さらに言えば,怒りを抑制しないなら,事態は一層悪化するものです。二人の兄弟のことが聖書に書かれているのを思い出してください。一人はシメオンといい,もう一人はレビといいました。彼らの妹はある男性に犯されました。そのことを聞いたとき二人がひどく憤慨したのは分かりますが,彼らはその怒りをどのように表わしたでしょうか。聖書によると,彼らは策略をめぐらして,強姦した若者を無残にも殺害するとともに,若者の家族の男たちや町の人々をも殺害しました。―創世記 34章。
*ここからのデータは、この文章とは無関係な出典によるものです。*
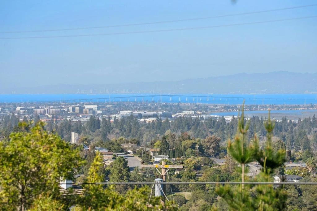 Significant Mid-Century Modern Architecture with Bay Views. Sweeping San Francisco Bay views take center stage at this exceptional Woodside Hills property with fresh updates throughout. Spanning one acre, the elevated corner lot is positioned to capture the expansive views while also providing generous level areas for outdoor living. Enhancing the setting is the gentle sound of a meandering creek and strolling paths that create a distinctly parklike ambiance. Fresh interior updates include new paint, refinished hardwood floors, and new carpet, all complementing the living rooms signature vaulted ceiling, handcrafted with layered redwood cedar rising to a dramatic center peak. Multiple fireplaces add warmth and character, while glass doors open to several outdoor spaces oriented to enjoy the Bay views. The formal living room and dining room each have Bay views, plus there is a large open kitchen and family room for everyday gatherings. Four bedrooms, an office, and 3.5 baths are well arranged, featuring a main-level primary suite and a second suite comprising the entire lower-level with outside access and flexibility for future ADU conversion. An attached two-car garage and abundant off-street parking complete this inviting retreat with close-in convenience.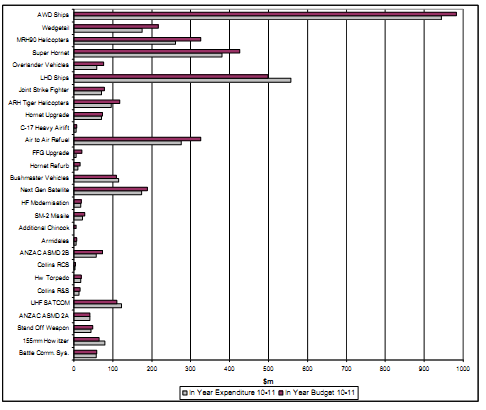 2.17 Another key factor is the evolution of the project and its performance to date. Some projects may, for example, be well advanced but show a low level of expenditure against their total budget. This may result from poor contractual performance culminating in withholding of payments against specific milestones. This is, in effect, a deferral of payments that will be re- instated upon contractor achievement of milestones. Alternatively, unanticipated changes in project circumstances may also affect the level of project expenditure (e.g. Hornet Refurbishment had originally planned to replace 49 centre barrels but subsequent engineering and scientific work analysing airframe fatigue found that only 10 centre barrels required replacement. This will realise a significant reduction in expenditure against the project's approved budget).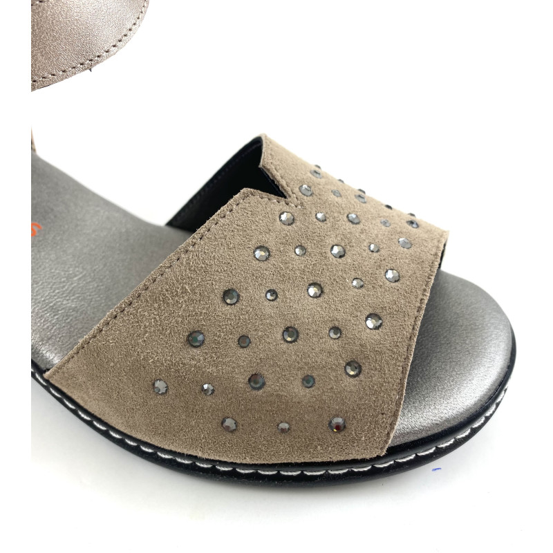 Sandalia de la marca Riojana Pitillos. Para pie delicado y de horma un poco ancha, la pala sujeta muy bien la anchura del pie incluso con juanete. Fabricada en piel espigada en color plata y negro suave. Tejido transpirable en su interior, plantilla gordita acolchada y extraíble para una mayor comodidad. Con ella vestirás a la vez que iras muy cómoda. Suela con un poco de plataforma y pequeña cuña baja. Calce normal-amplio. Hecho en España.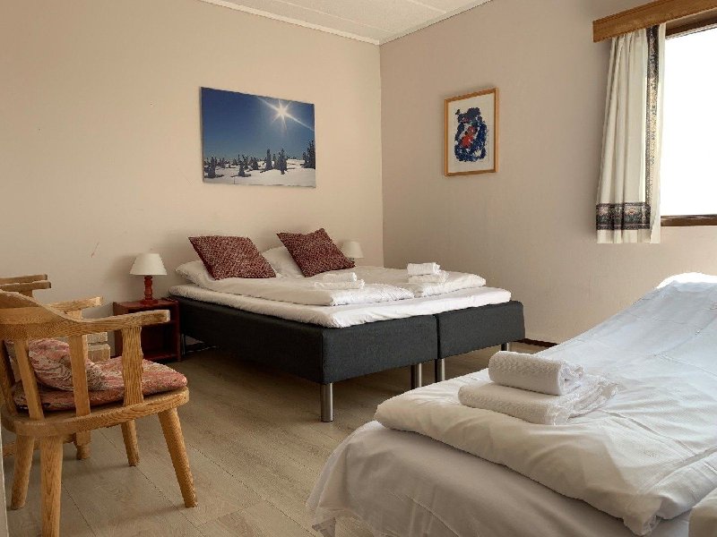 Ferdig oppredd dobbeltseng eller 2 enkle senger med 2 hodeputer, liten sittegruppe, TV, kaffe/tekoker, parkettgulv, dusj/toalett.Trivelige dobbeltrom eller twin rom, 2 hodeputer, liten sittegruppe TV, parke...
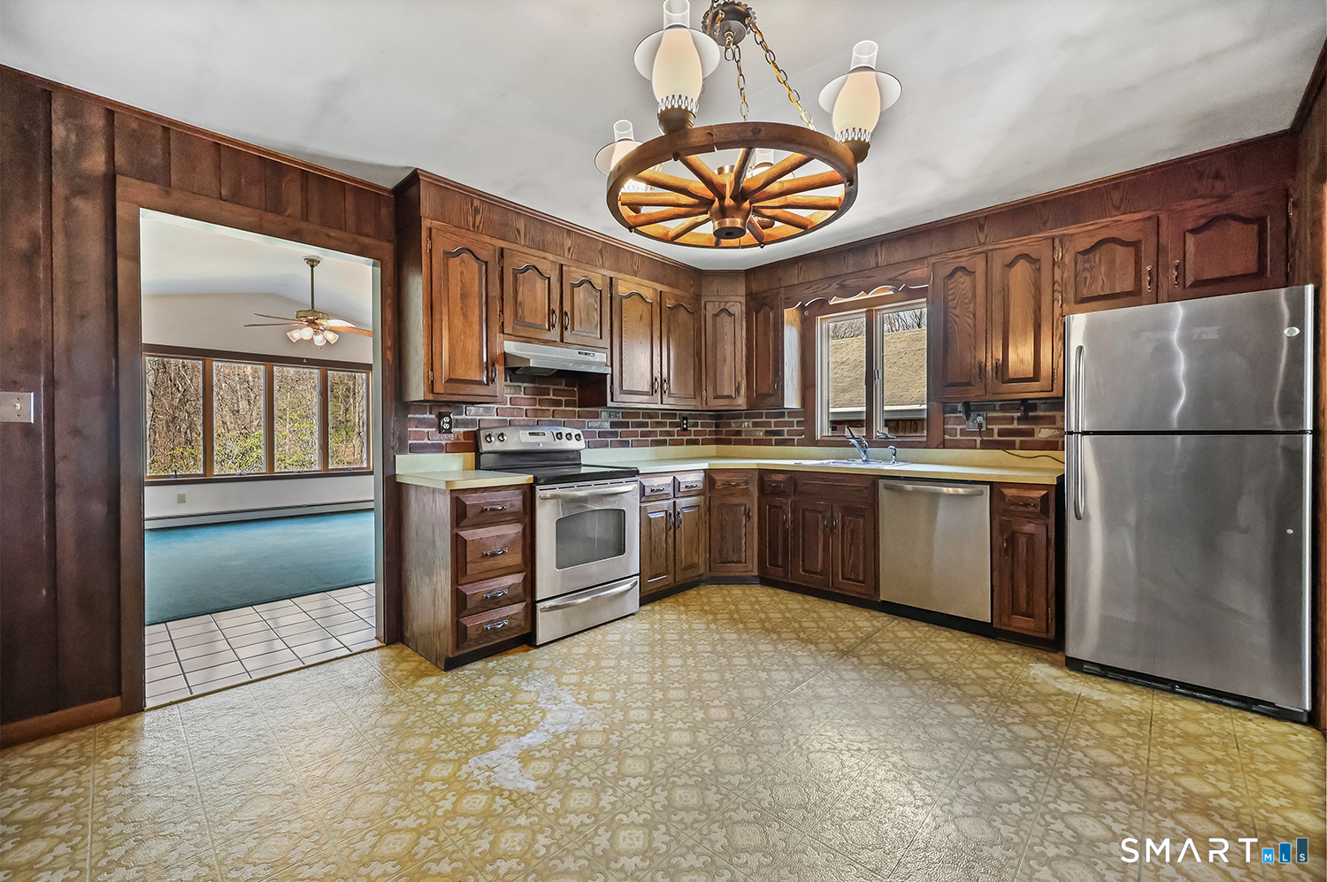 One level living in this ranch style home situated along the banks of the Mill River. Discover the potential to create your living space while enjoying all that Fairfield, CT has to offer, including beautiful beaches, vibrant downtown dining and shopping, parks, and convenient commuter access. A welcoming front porch provides an inviting entry and a pleasant place to relax outdoors. Inside, hardwood floors extend through the living room and all three bedrooms. The living room features a fireplace with a wood stove insert, while the spacious family room is filled with natural light and showcases a high ceiling, creating an open, airy setting for everyday living or entertaining. The main level offers three bedrooms and two full bathrooms for easy single-level living. A large unfinished basement with laundry provides ample storage and future potential. Additional highlights include an oversized detached two-car garage with abundant storage, natural gas heating, a newer HTP boiler, 200-amp electrical service, and a standby generator. Situated in the North Stratfield section of Fairfield, steps to Dover Park and Playground and close to Lake Mohegan, Sacred Heart University and schools, an easy commute on the Merritt Parkway and minutes to all that Fairfield has to offer; shopping, dining, theater and beautiful Long Island Sound Beaches. Sale AS-IS and subject to probate.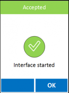 Étape #14 : Vous devriez arriver sur un écran vous indiquant « Interface started » dans le cas où tout a bien fonctionné, ou « Failed » si un problème quelconque est survenu.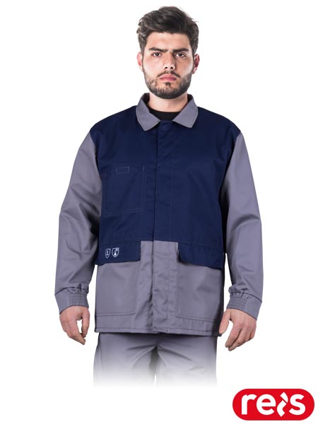 Antyelektrostatyczna bluza ochronna, chroniąca przed ciekłymi chemikaliami.- 64% poliester, 34% bawełna, 2% włókna węglowe- gramatura 250 g/m2- zapinana na napy, dodatkowo kryte plisą- kieszeń wewnętrzna po prawej stronie zapinana ne rzep- dwie kieszenie dolne kryte patką zapinaną na rzep- przeznaczona do ochrony użytkownika na stanowiskach na których występuje zagrożenie ciekłymi chemikaliami w sytuacjach potencjalnego narażenia na drobno rozpyloną ciecz lub rozbryzgi o niewielkim ciśnieniu i objętości, przed którymi nie jest wymagana całkowita bariera na przenikanie cieczy na poziomie molekularnym (Typ PB[6] odzieży) oraz do prac w środowisku, w którym wymagana jest zdolność do rozpraszania ładunku elektrostatycznego w celu zapobiegania wyładowaniom zapalającym- zgodna z normami: EN ISO 13688, EN 13034, EN 1149-5
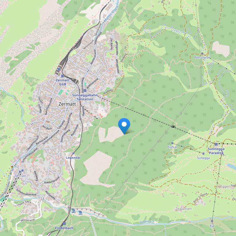 Отель находится рядом с фуникулером, идущим к лыжной зоне Sunnegga, откуда можно спуститься на лыжах прямо к порогу отеля.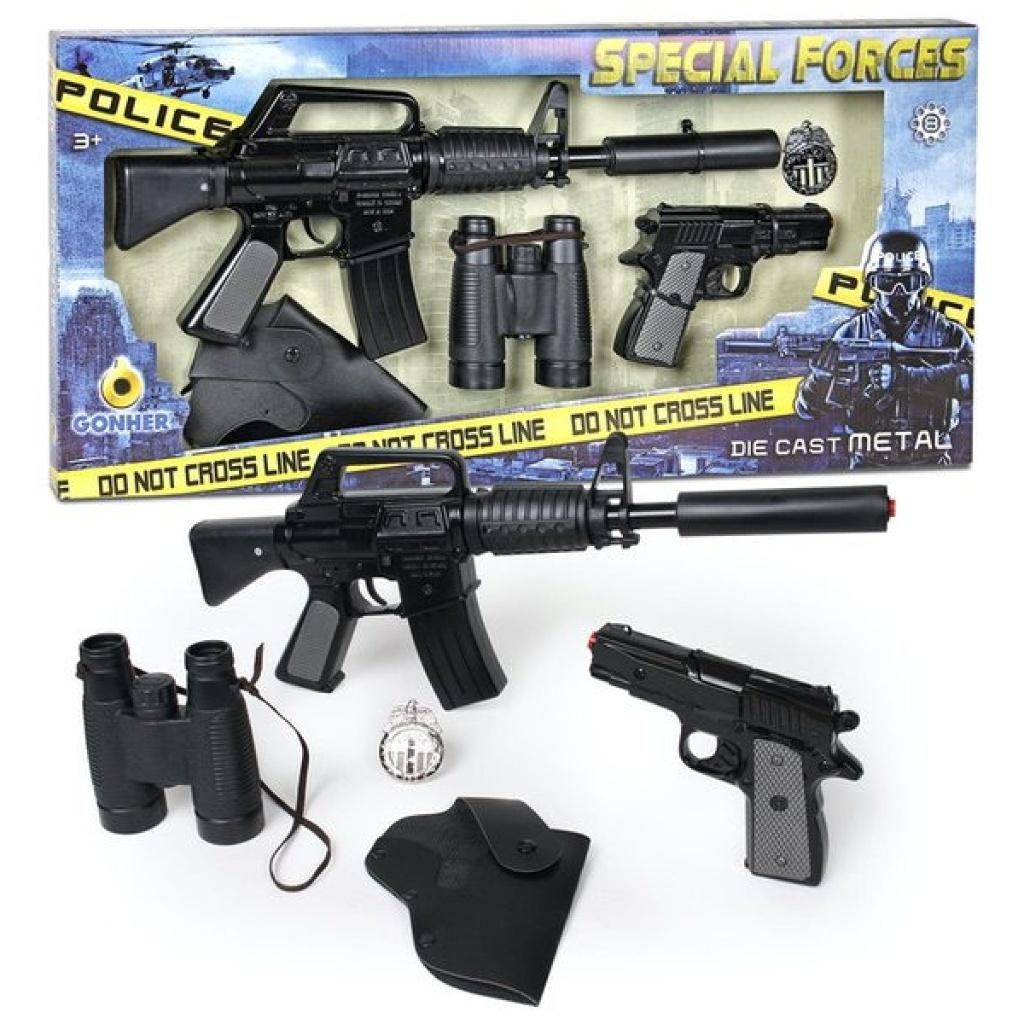 Zestaw policjanta, zawiera: karabin maszynowy, pistolet, kaburę, odznakę, granat oraz lornetkę. Wiek: 3+. Wymiary opakowania: 64x30x5cm. Szt./karton: 6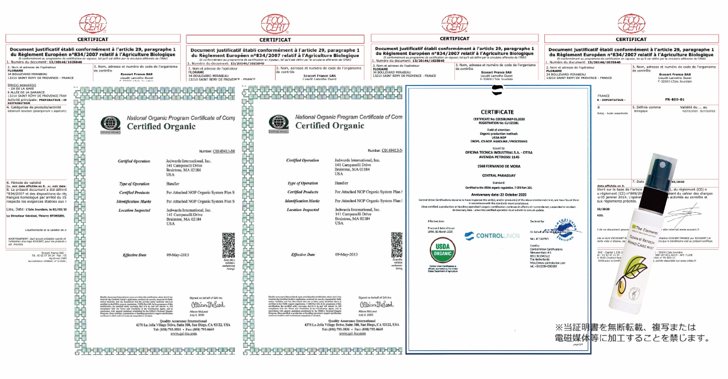 *1 エタノール(基剤)/ *2 体積あたりの濃度/ *3 日本の有機JASをはじめ、USDA(米農務省認証 オーガニック)、BIO SUISSE(スイス有機農法認定機関)を基準とし証明された認証制度/ *4 アルガニアスピノサ核油(保湿成分)

それから何年か後,彼らの父ヤコブは死の床でその暴力事件を思い起こします。ヤコブは,二人が激怒して復しゅうしたことを褒めたでしょうか。褒めるどころか,「その怒りは残虐のゆえに,その激こうは過酷な行動のゆえに」二人の怒りをのろいました。(創世記 49:7)二人が腹立ち紛れに行なったのは,そもそも彼らを怒らせた事柄よりもひどいことでした。二人は建設的な事柄を何一つ成し遂げず,自分たちの評判を台なしにしました。
ですから箴言に,『怒ることに速い者は愚かなことを行なう』と記されているのも不思議ではありません。(箴言 14:17)憤慨している人が,理性的に考えたり行動したりすることはまずありません。激こうしている人が,間違いを正す,クリスチャンにふさわしい方法を見いだそうとすることはまずありません。したがって,聖書筆者ヤコブの述べた,「人の憤りは神の義の実践とはならない」という言葉は本当です。(ヤコブ 1:20)かんしゃくを起こしたり,侮辱的な言葉を浴びせかけたり,ふくれたりすることは逆効果を生みます。
間違いをした人を言葉で盛んに攻撃する時は気持ちがいいかもしれません。しかし,大抵の場合,激こうしたことを後悔するものです。相手が雇用者であったり,先生や親であったりする時にはなおのことです。(伝道の書 10:4と比較してください。)ですから箴言 29章11節には,「愚鈍な者は[腹を立てることによって]自分の霊をさらけ出し,賢い者は最後までこれを穏やかに保つ」とあるのです。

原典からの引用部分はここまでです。